RECORDS FOR PROCESSING ▸
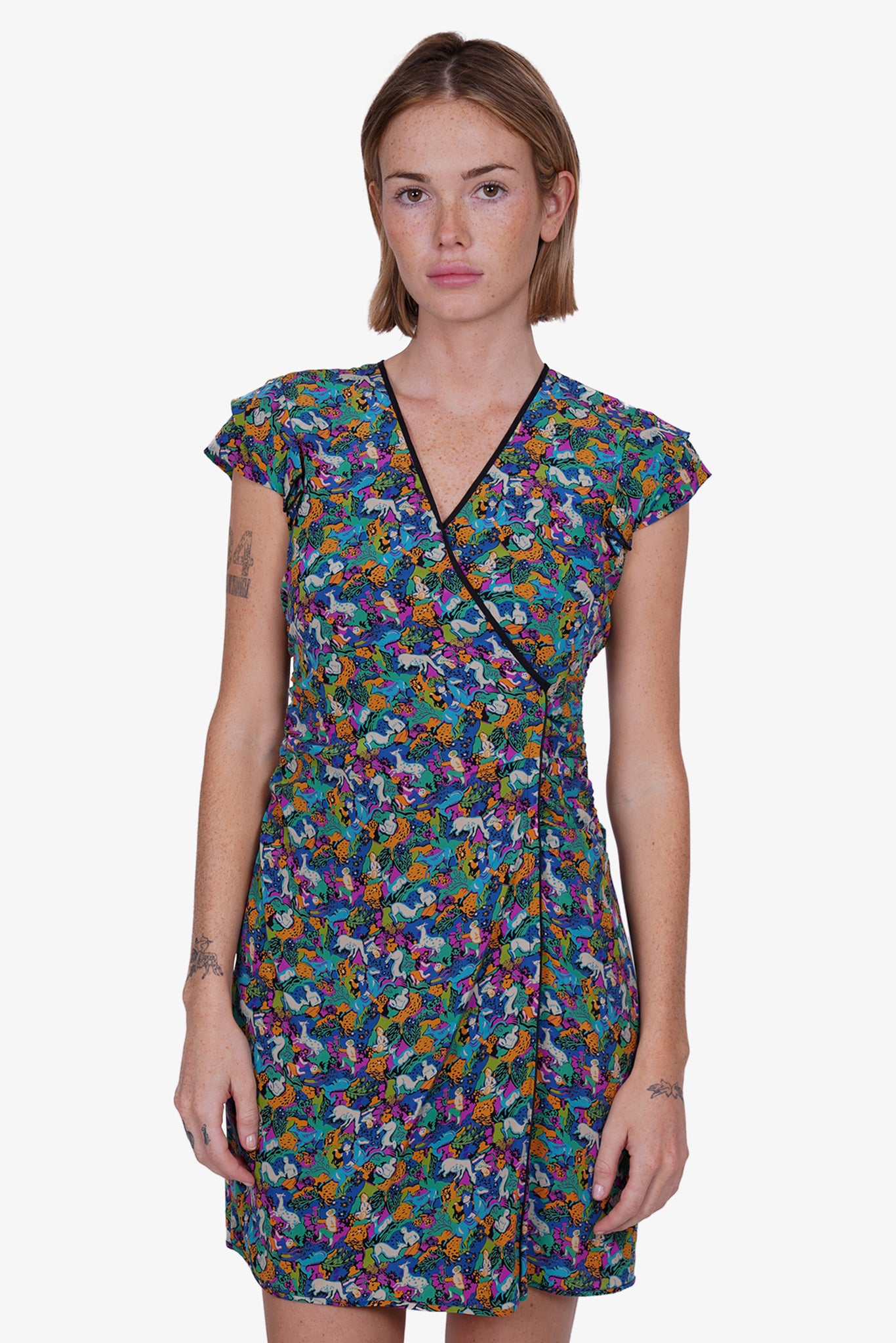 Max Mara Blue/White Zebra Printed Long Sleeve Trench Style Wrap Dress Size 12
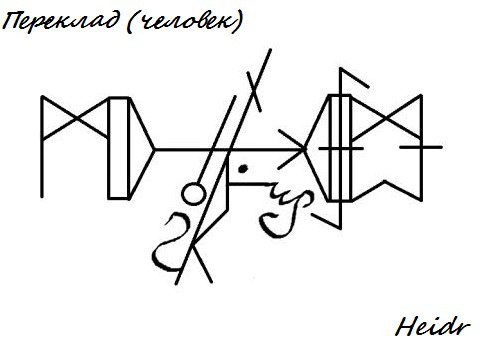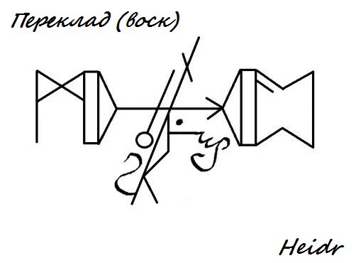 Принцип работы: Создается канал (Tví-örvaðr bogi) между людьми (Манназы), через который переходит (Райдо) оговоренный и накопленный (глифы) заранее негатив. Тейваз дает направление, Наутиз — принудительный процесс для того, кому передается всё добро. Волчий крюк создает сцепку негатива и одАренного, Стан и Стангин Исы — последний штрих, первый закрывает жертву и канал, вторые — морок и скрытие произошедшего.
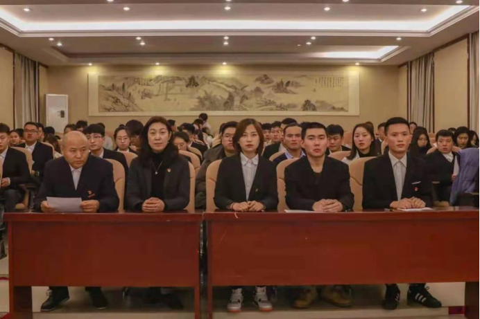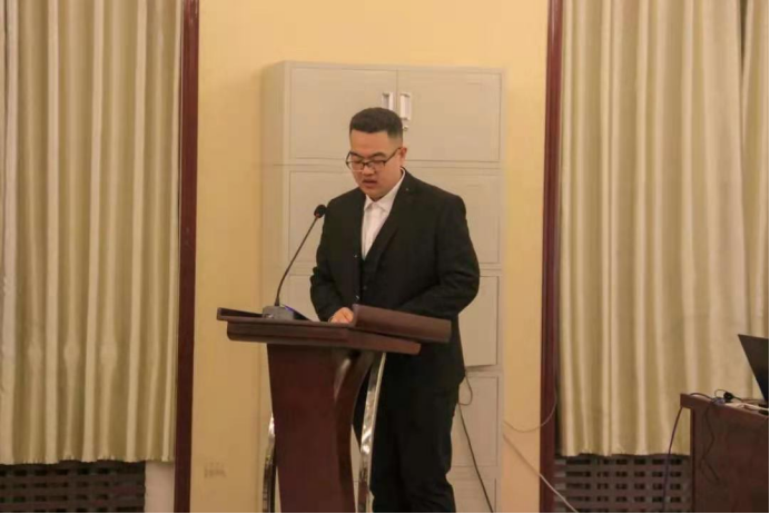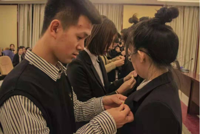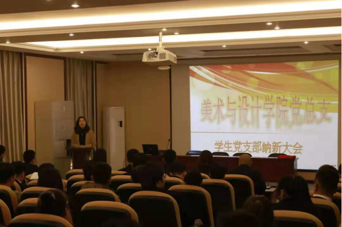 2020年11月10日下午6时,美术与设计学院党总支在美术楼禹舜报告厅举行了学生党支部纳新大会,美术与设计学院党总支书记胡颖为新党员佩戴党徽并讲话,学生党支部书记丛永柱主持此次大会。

--

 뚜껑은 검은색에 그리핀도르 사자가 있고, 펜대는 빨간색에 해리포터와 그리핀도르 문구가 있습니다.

WHAT THE EXERCISE ASKS ▸ Beginning with the line that contains "Max Mara Blue/White" and ending with the line that contains "2020年11月10日下午6", reproduce the listing exactly, pictures excluded.

WRITTEN SOLUTION ▸
 Max Mara Blue/White Zebra Printed Long Sleeve Trench Style Wrap Dress Size 12
 Принцип работы: Создается канал (Tví-örvaðr bogi) между людьми (Манназы), через который переходит (Райдо) оговоренный и накопленный (глифы) заранее негатив. Тейваз дает направление, Наутиз — принудительный процесс для того, кому передается всё добро. Волчий крюк создает сцепку негатива и одАренного, Стан и Стангин Исы — последний штрих, первый закрывает жертву и канал, вторые — морок и скрытие произошедшего.
 2020年11月10日下午6时,美术与设计学院党总支在美术楼禹舜报告厅举行了学生党支部纳新大会,美术与设计学院党总支书记胡颖为新党员佩戴党徽并讲话,学生党支部书记丛永柱主持此次大会。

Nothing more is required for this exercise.